BishopAccountability.org
 
  Clerical Child Abuse in Ballyfermot

By Shauneen Armstrong
The Echo
November 24, 2002

http://homepage.eircom.net/~zzedx/news251102.htm

A BALLYFERMOT community worker who set up a support group for people abused by paedophile priest Tony Walsh says victims feel 'vindicated' after new revelations this week about the clerical child molester.
Tony Walsh was a curate in Ballyfermot

Angela Copley, manager of the Ballyfermot Resource Centre, said nothing in this week's Prime Time documentary, entitled 'Cardinal Secrets', surprised her. Ms Copley facilitates a support group for those who have been abused by Father Tony Walsh.

She said: 'This is good for the lads, it is going to bring some closure. People are listening to them now and believing them."

Tony Walsh pleaded guilty in 1997 to 12 charges of indecently assaulting six boys aged from eight to 14 when he was curate at Our Lady of the Assumption Church between 1980 and 1986. While curate in Ballyfermot, Walsh was in charge of 60 altar boys as well as the children's Mass each week.

He was defrocked by a three-man church tribunal in 1992, which found him guilty of abuse, but, according to Prime Time, this information was not passed to either the Gardai or the health board. However this was disputed in a statement issued by the Archdiocese of Dublin, which claimed the Gardai where contacted in March 1992 about Walsh.

The statement said; "Mosignor Alex Stenson wrote to the Gardai indicating the address at which Tony Walsh was residing. The letter also stated 'in view of
Fr Walsh's behaviour in the past, you might give this information whatever attention you may think it deserves.'"

A spokesman for the Diocese said there were a number of contacts made to the Gardai since 1991. He said: 'There were quite a number of contacts with the Gardai back as far as 1991.We have records of contact between Gardai and ourselves." The spokesman added other victims were contacted about the trial when the Diocese became aware of the Garda investigation into Walsh.

Walsh decided to appeal the tribunal decision and attended a funeral in Palmerstown in 1995 as a 'priest' where he abused the 11 -year-old grandson of the deceased in a toilet.

Tony Walsh was told to stay away from the funeral the day before he sexually assaulted the boy it has emerged.

Speaking on RTE's Liveline programme Fr Eamon Clarke, a priest of St Philomena's parish at the time of the 1995 assault, said two priests instructed the defrocked Walsh to stay away from the funeral the next day when he attended the removal in clerical dress.

Fr Clarke said: "He attended in full clerical garb with a Roman collar.
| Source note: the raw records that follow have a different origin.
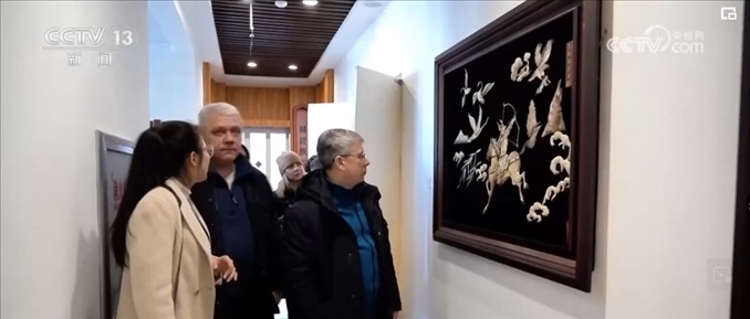 在同江,非物質文化遺產魚皮手工藝品也受到俄羅斯游客的喜愛。赫哲族用魚皮制作的手工藝品精美、大氣、寓意美好,展現了中國少數民族的獨特文化魅力。游客斯維特拉娜當場選購了一幅魚皮畫,準備帶回俄羅斯。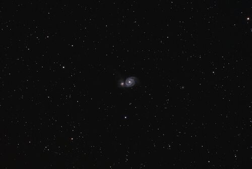 M51は割と明るくて撮り易いのですが、小型望遠鏡だと流石に小さくて迫力がありません。 過去VC200L鏡筒で撮影して、処理した画像を見た時には感動ものでした。VC200Lは手放してしまったので、小型の焦点距離528mmではどうかなと敢えて撮ってみました。 んで…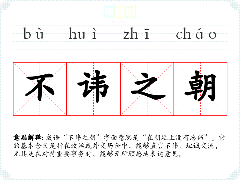 成语“不讳之朝”字面意思是“在朝廷上没有忌讳”。它的基本含义是指在政治或外交场合中,能够直言不讳、坦诚交流,尤其是在对待重要事务时,能够无所顾忌地表达意见。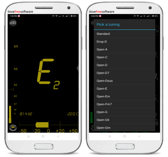 DaTuner Lite is also a free Android guitar tuner app which you can use to easily tune your (6-string and 12-string) guitar. For that, you would need to simply open the app and play the strings one by one. After that, it can detect the strings’ tuning and guide you to achieve the accurate tuning of the strings. It will tell you how low or high your strings are so that you can manually adjust them. You can tune your guitar for various tuning types including Open Dsus, Standard, Open G6, Open E, Drop D, and more.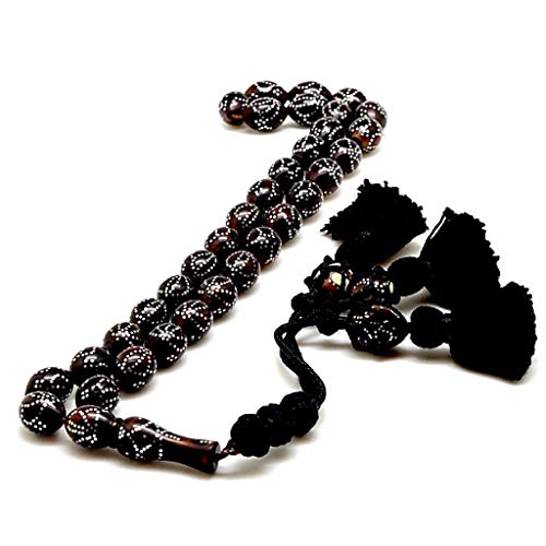 JAZZEEL - سبحة من خشب الكوك الاصلي للصلاة الاسلامية من جازيل، مسبحة كوكا طبيعية 99 خرزة للتأمل اليومي والذكر، سبحة تقليدية للرجال والنساء المسلمين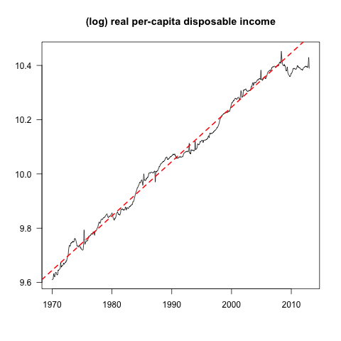 This is where i think folks like Sumner are on the money — that income growth has not met (reasonable) pre-crisis expectations is depressing activity and demand. The trend for real pre-capita income growth used to be ~2%y/y — but since 2008, there’s been basically no growth at all.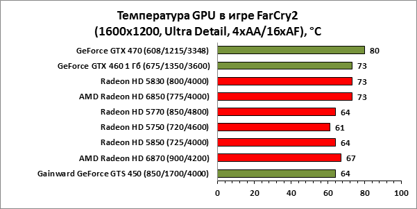 Максимальная нагрузка на видеокарту заставила графический процессор Radeon HD 6870 разогреться до 80 градусов Цельсия, в то время как GPU Radeon HD 5850, как и GPU GeForce GTX 460 оказались на 5 градусов горячее. Не подвёл и Radeon HD 6850, который хоть и не оказался также холоден как Radeon HD 5770, но всё же не догнал Radeon HD 5830, что в данном случае – несомненный плюс.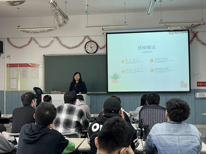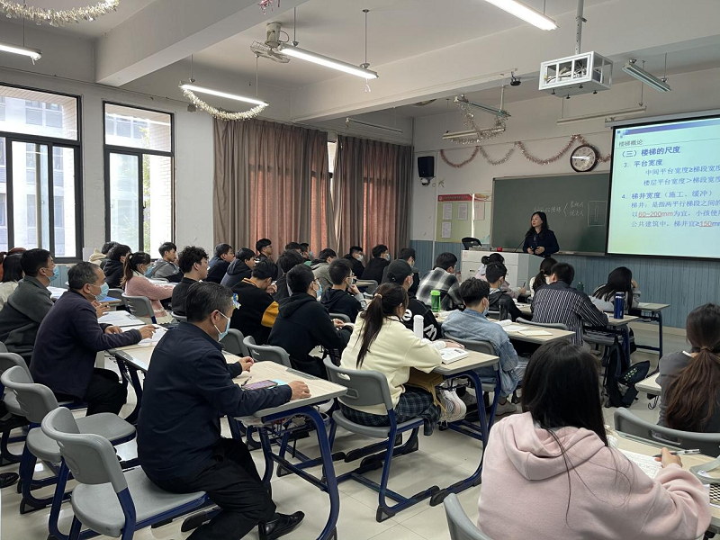 《房屋建筑学》课程2021年被评为省级一流本科课程,李旭辉老师采用现代教育技术辅助教学,从一段优秀的楼梯设计案例视频进行导学,将楼梯的基本概念引出,进而对本节课重点内容“楼梯的组成、形式及设计尺度等进行详细讲授,提出了设计不仅要做到“形式美”、还要“专业好”的理念,课程思政润物无声,授课过程中李老师思维清晰,观点明确,娴熟淡定,幽默风趣,博得师生们的阵阵点赞。教学环节设计紧凑新颖,教学内容深入浅出,课件制作精美、图片案例丰富,最后利用学习通进行随堂测验,有效地推进了线上线下混合式教学的建设成果。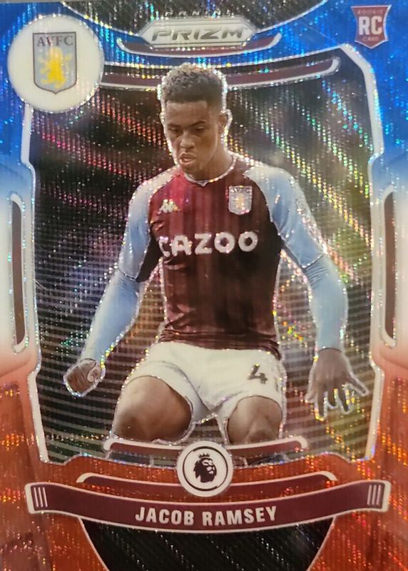The Jacob Ramsey 2021 Prizm Premier League #133 Blue Wave Rookie card in Raw condition has not changed in price in the last 30 days and was last sold for $5.00 .
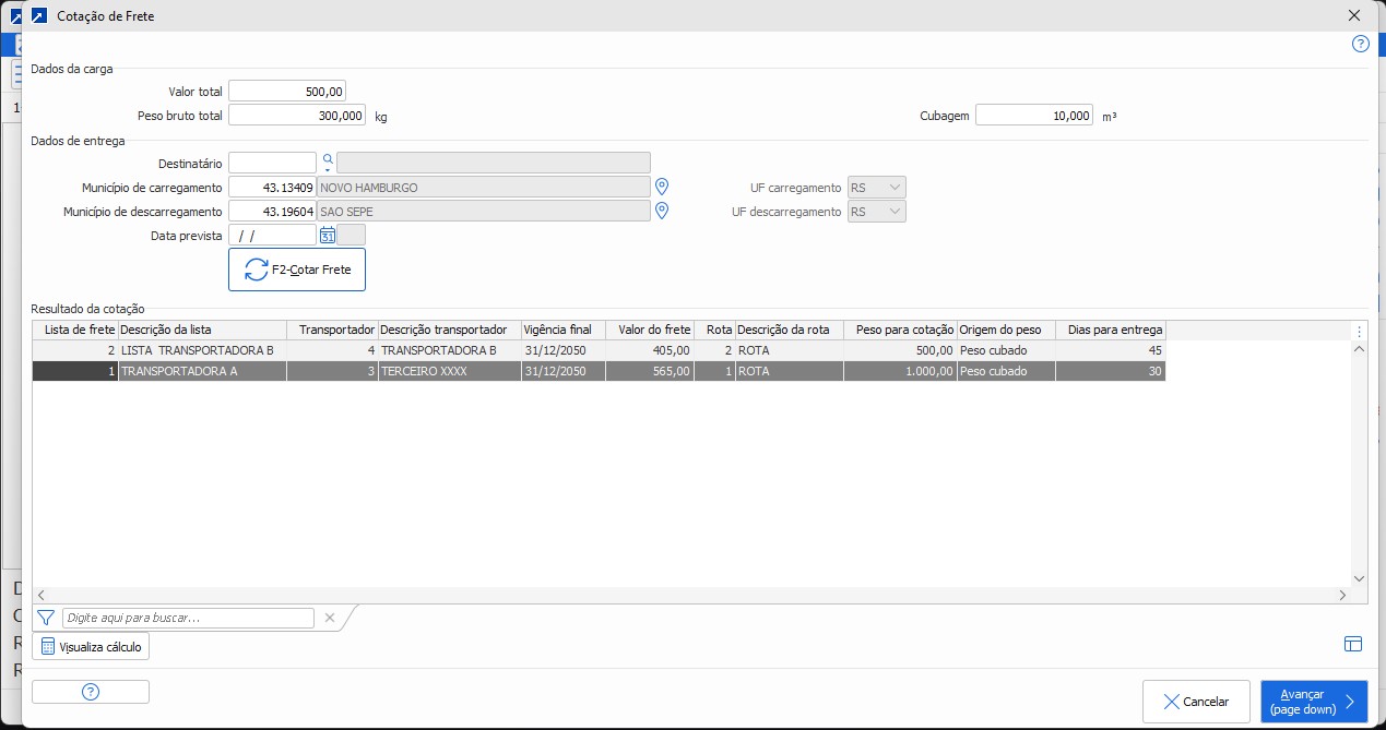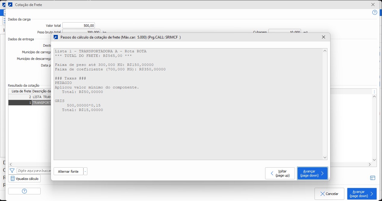 Inclua taxas adicionais como pedágio, ad valorem ou paletização para um custo mais preciso.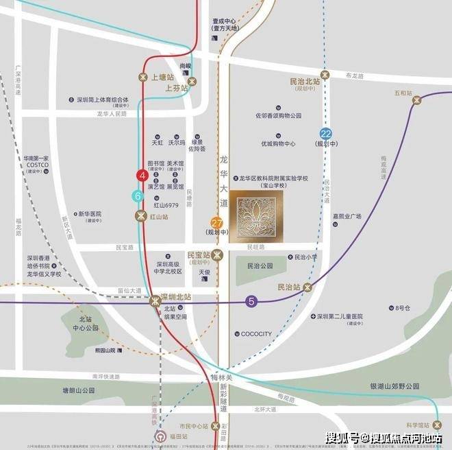 地铁:4、6号线,红山站约1.3公里。1站直达深圳北站。4站到福田。5号线,民治站约1.4公里。22号线(规划中)四轨交汇环绕。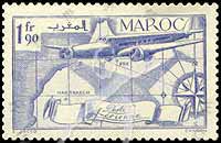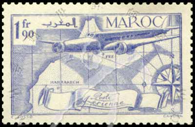 Sc#C22 飞机与摩洛哥地图航空邮票1.90fr (7-3) 1枚

We thought he was a friend of the family.

"We could not make a public scene because we knew he was under suspicion and investigation. but he was entitled to due process.

"After the removal we told him he was not to attend the funeral and he could not concelebrate the Mass."

The most shocking thing, said Fr Clarke. was that Walsh then attended the funeral and went with the family to a reception afterwards where he assaulted the boy in the toilet of a pub.

Ms Copley was first approached in 1996 by one victim of Tony Walsh. She said: "He (the victim) used to come into the centre and he told me what happened. I brought him to the Garda station and then went to court with him.

"When Walsh was sentenced, I met the other lads. They wanted to start a support group and I made the Ballyfermot Resource Centre available to them.

"I was not surprised by the programme at all. Nothing has changed. I was not surprised either about Reynolds or Billy Camey."

The programme revealed that Father Noel Reynolds, who died earlier this year, admitted abusing 100 children and how Father Bill Carney was defrocked in 1989 after being found guilty of child abuse. Camey worked in Ballyfermol during the 1970s. He was found guilty of indecent assault in 1983 receiving the probation act. However, he was then re-assigned to Clogher Road in Crumlin before being removed from his ministry in 1989 and defrocked.

Ms Copley sees her role with the group as that of protector. She said: "They have been exposed to so much. It is very hard for them and it never goes away but they are getting on with their lives. The programme has opened it up again and they need protection."

She asked who was accountable following the Prime Time revelations.

In a statement released after the programme. Cardinal Desmond Connell said: "We have been slow to understand the depth of their trauma and the nature of their needs. I deeply regret the mistakes I have made in seeking to come to grips with the problem."

Victims of the abuse have been meeting with the Minister for Health. Micheal Martin, as part of the Government preparations to deal with the issue.